▼
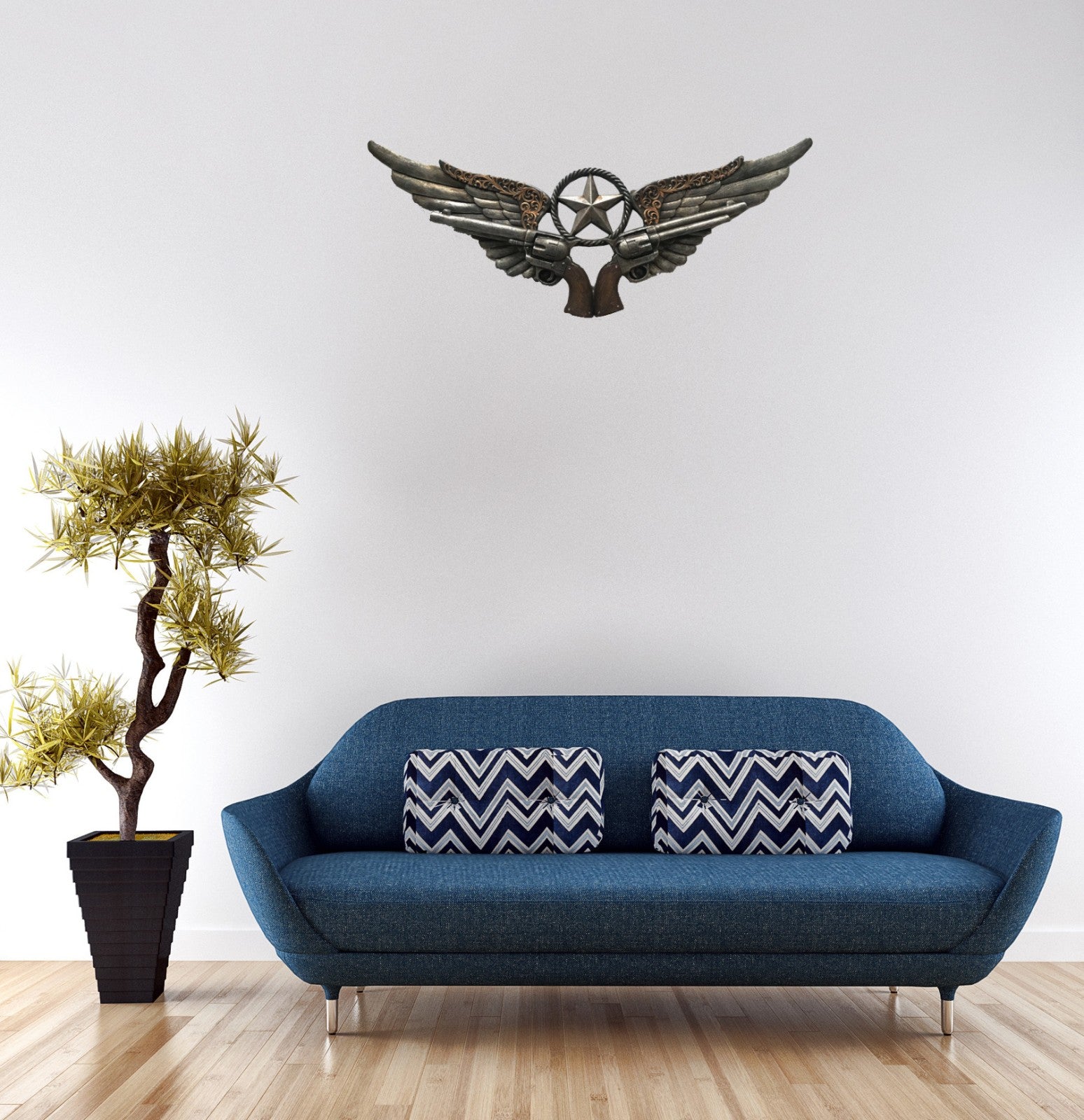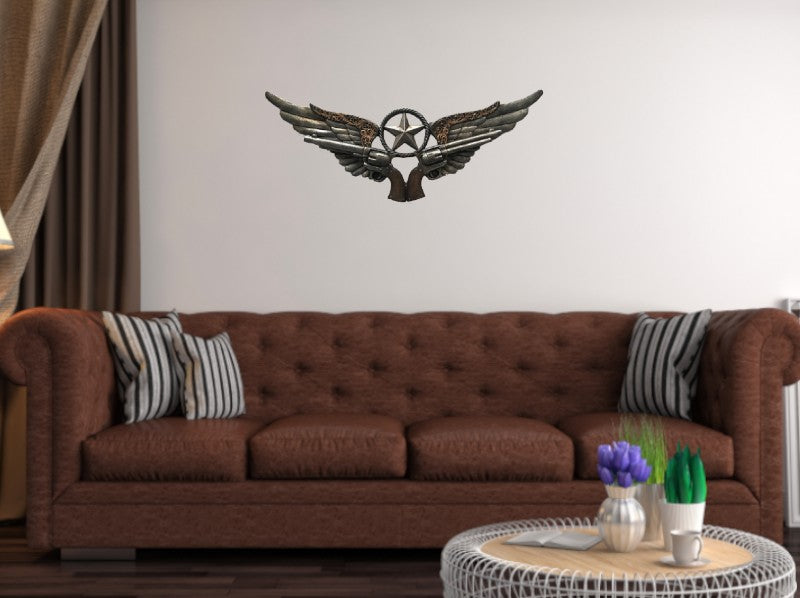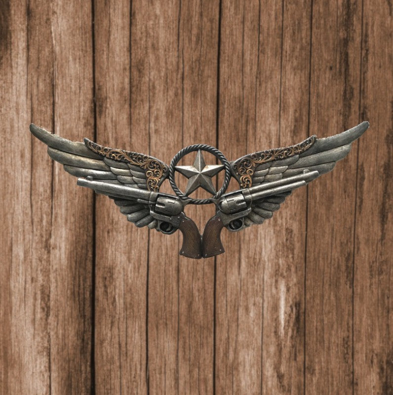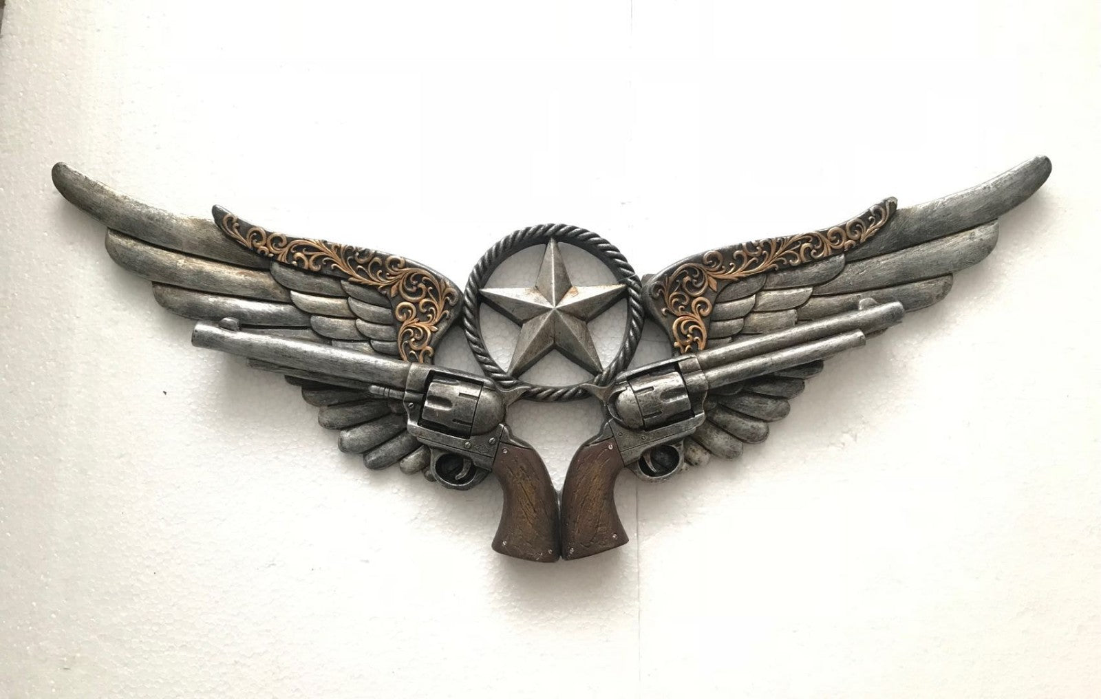 Dual Guns Hand Made Wall Mount Gun Rifle Pistol Hanger Hook Sculpture Deal Decor
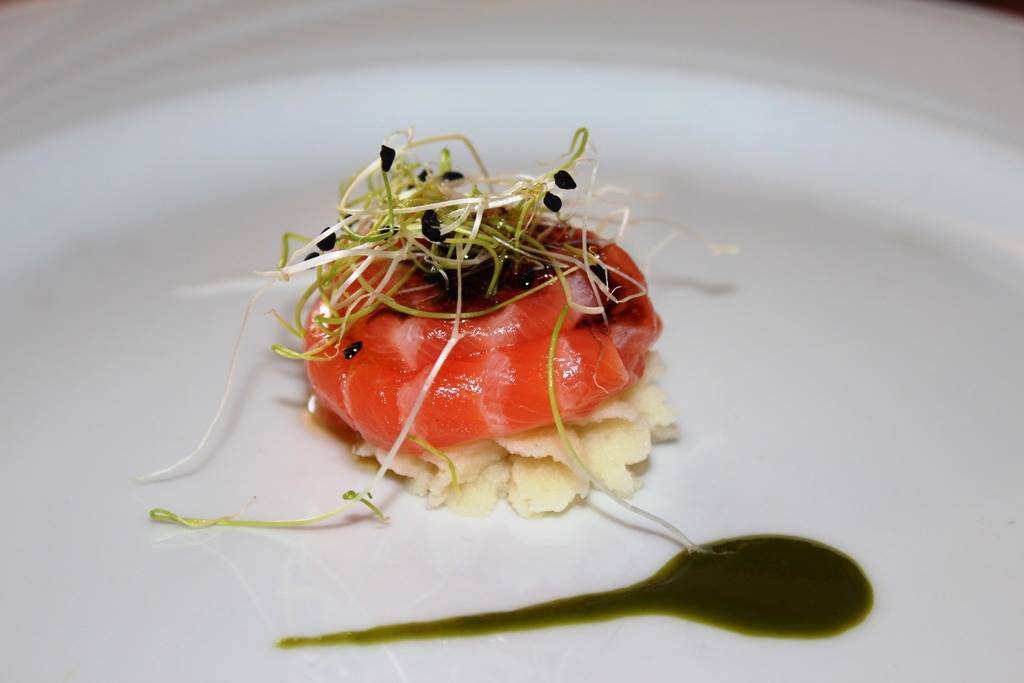 Girato l’angolo, passando tra ricercatezze gastronomiche provenienti da tutta Italia, si arriva alla sala ristorante e qui la cucina di Vittorio Fusari è farò di eleganza e maestria. Il pesce di lago nelle sue mani riesce a mantenere la sua autenticità ed al contempo risultare estremamente piacevole ed equilibrato. Tanta tecnica e soprattutto sensibilità nell’impiego delle verdure di stagione, presenti in ogni piatto mai in secondo pianto ma sempre comprimarie.
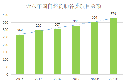 依據(jù)國家自然科學基金委員會官網(wǎng)2016-2019年度報告顯示,我們國家每年國自然資助金額增長約7.2%,小趣預測2020年國自然資助總金額約354億元,2021年將達到379億元。
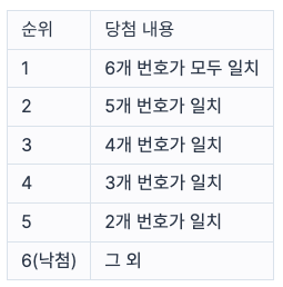 - 순서와 상관없이, 구매한 로또에 당첨 번호와 일치하는 번호가 있으면 맞힌 걸로 인정됩니다.
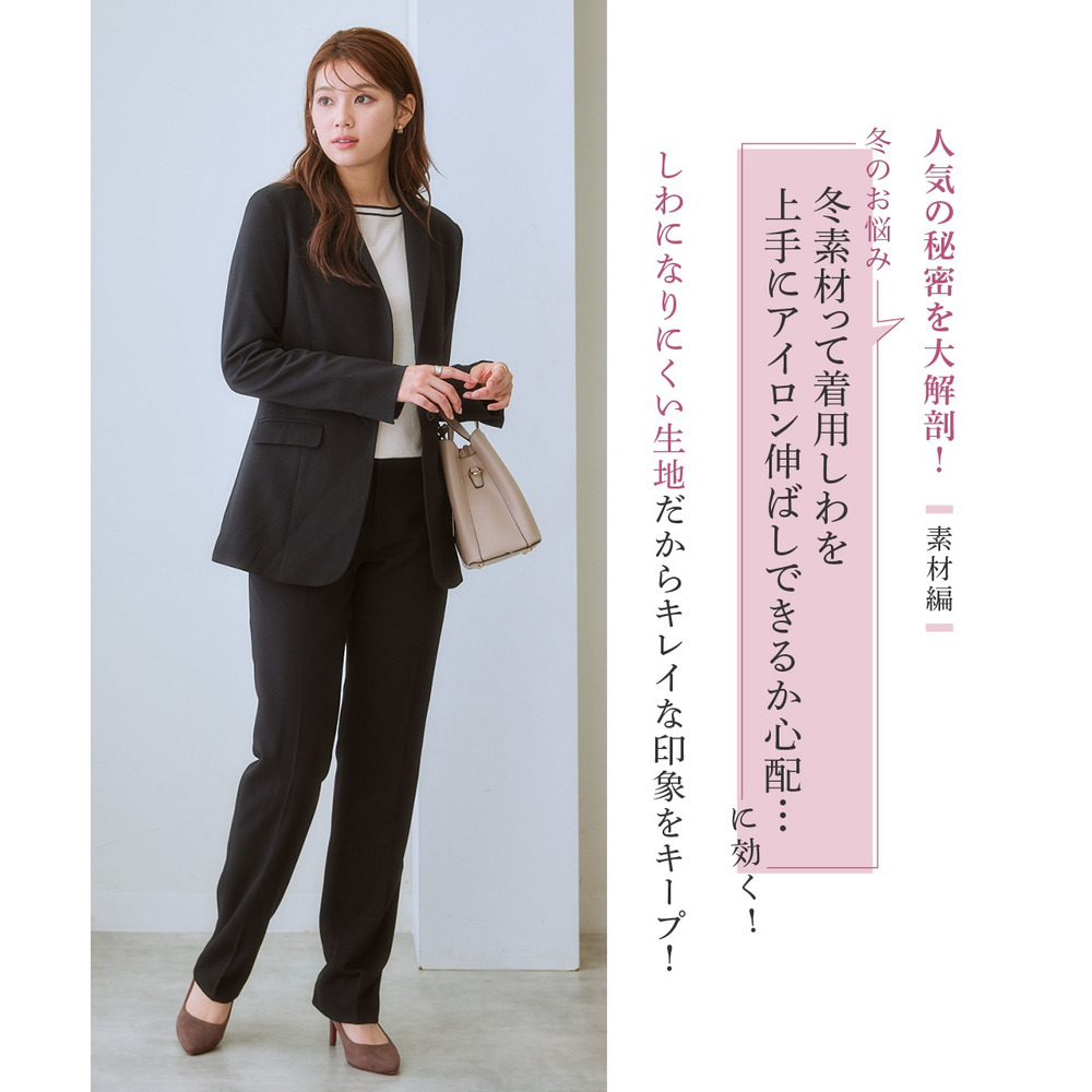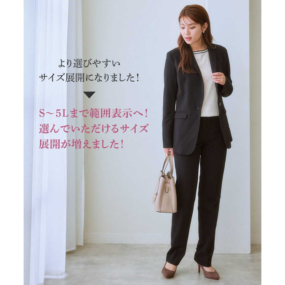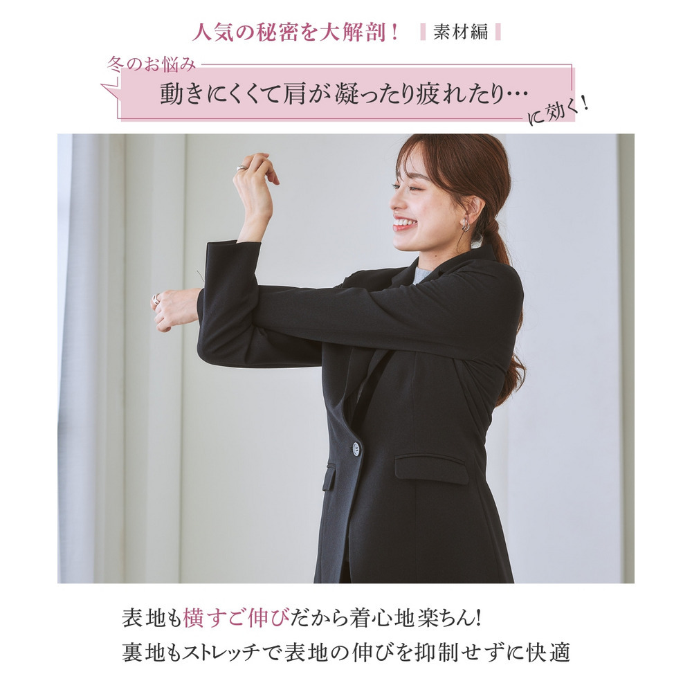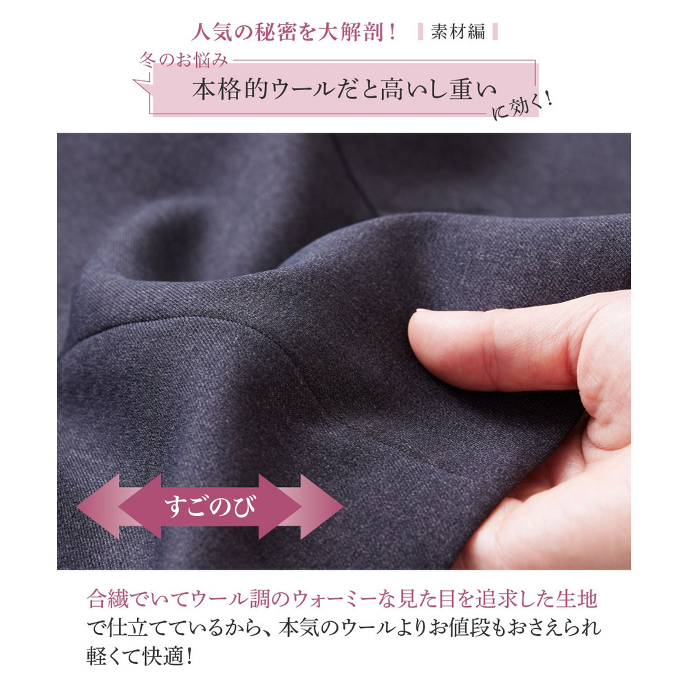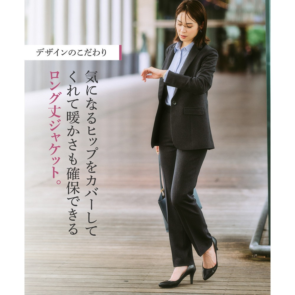 【レディーススーツ】あったか裏地付◎洗えるすごく伸びるウール調ロング丈テーラードジャケットパンツスーツ(ストレッチ蓄熱裏地付) 大きいサイズ
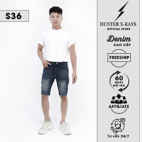 Quần Short Jeans Nam Cao Cấp HUNTER X-RAYS Form Slimfit Thun Màu Xanh S58 #hunterxrays
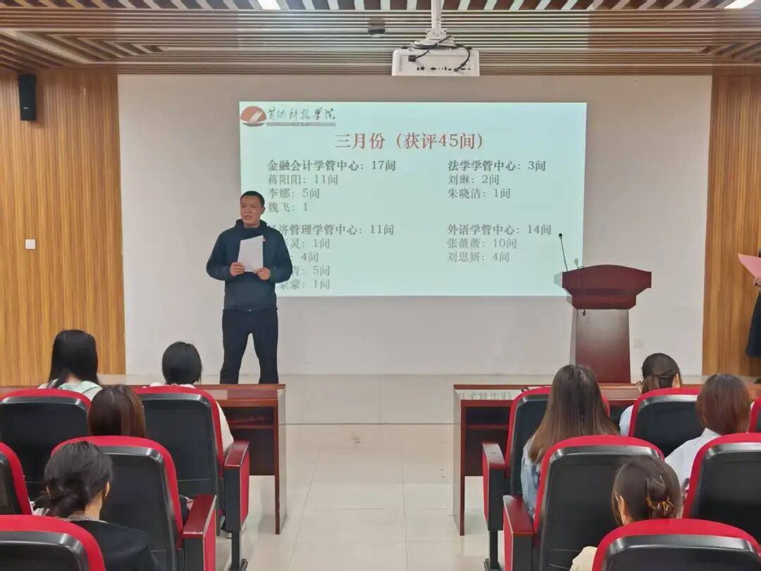 会议伊始,冉俊伟作2026年3月份宿舍工作全面汇报。汇报中,冉俊伟对同学们在宿舍卫生清扫、安全规范遵守、宿舍氛围维护等方面付出的积极努力予以肯定,对宿舍在文明创建中展现出的良好精神风貌给予高度认可,也对15间连续四次获评2025—2026学年文明宿舍的宿舍做出重点表扬。同时,针对本月日常检查中发现的卫生死角清理不彻底,文明宿舍打卡拍照的次数、要求等问题,逐一进行剖析,并提出了针对性的整改要求与后续改进方向,叮嘱各宿舍严格落实宿舍管理各项规章制度,切实提升宿舍管理水平。随后,张婉茹宣读2026年3月份文明宿舍获奖名单,本次共评选出45间文明宿舍,其中金融与会计中心17间、经济与管理中心11间、法学中心3间、外语中心14间。宣读完毕后,冉俊伟依次为获奖宿舍代表颁发荣誉证书和奖品,并对所有获奖宿舍表示热烈祝贺,希望获奖宿舍能够珍惜荣誉、再接再厉,持续发挥模范带头作用;同时鼓励学部全体学生以先进为标杆、以典型为榜样,主动参与宿舍环境打造,携手共建温馨舒适、积极向上的宿舍家园。最后,全体获奖宿舍代表与参会老师共同上台合影留念,用镜头定格这份荣誉与喜悦,为本次表彰大会画上圆满句号。
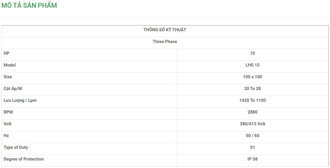 Máy Bơm Chìm Trục Ngang LuBi 3 Phase - 10HP- LHS 15
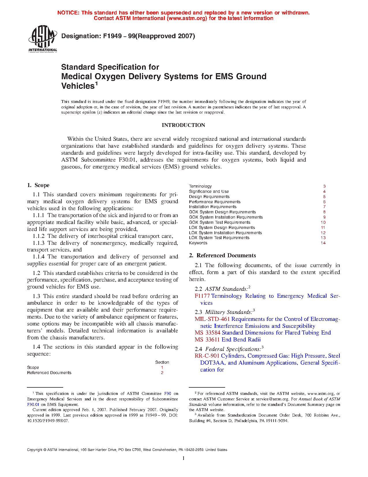 1.1 This standard covers minimum requirements for primary medical oxygen delivery systems for EMS ground vehicles used in the following applications:
▲
**What is expected**
The lines running from the beginning of the listing above through the line that holds "Girato l’angolo, passando" are to be duplicated exactly, both ends kept, pictures omitted.

**Solution for this task**
 Dual Guns Hand Made Wall Mount Gun Rifle Pistol Hanger Hook Sculpture Deal Decor
 Girato l’angolo, passando tra ricercatezze gastronomiche provenienti da tutta Italia, si arriva alla sala ristorante e qui la cucina di Vittorio Fusari è farò di eleganza e maestria. Il pesce di lago nelle sue mani riesce a mantenere la sua autenticità ed al contempo risultare estremamente piacevole ed equilibrato. Tanta tecnica e soprattutto sensibilità nell’impiego delle verdure di stagione, presenti in ogni piatto mai in secondo pianto ma sempre comprimarie.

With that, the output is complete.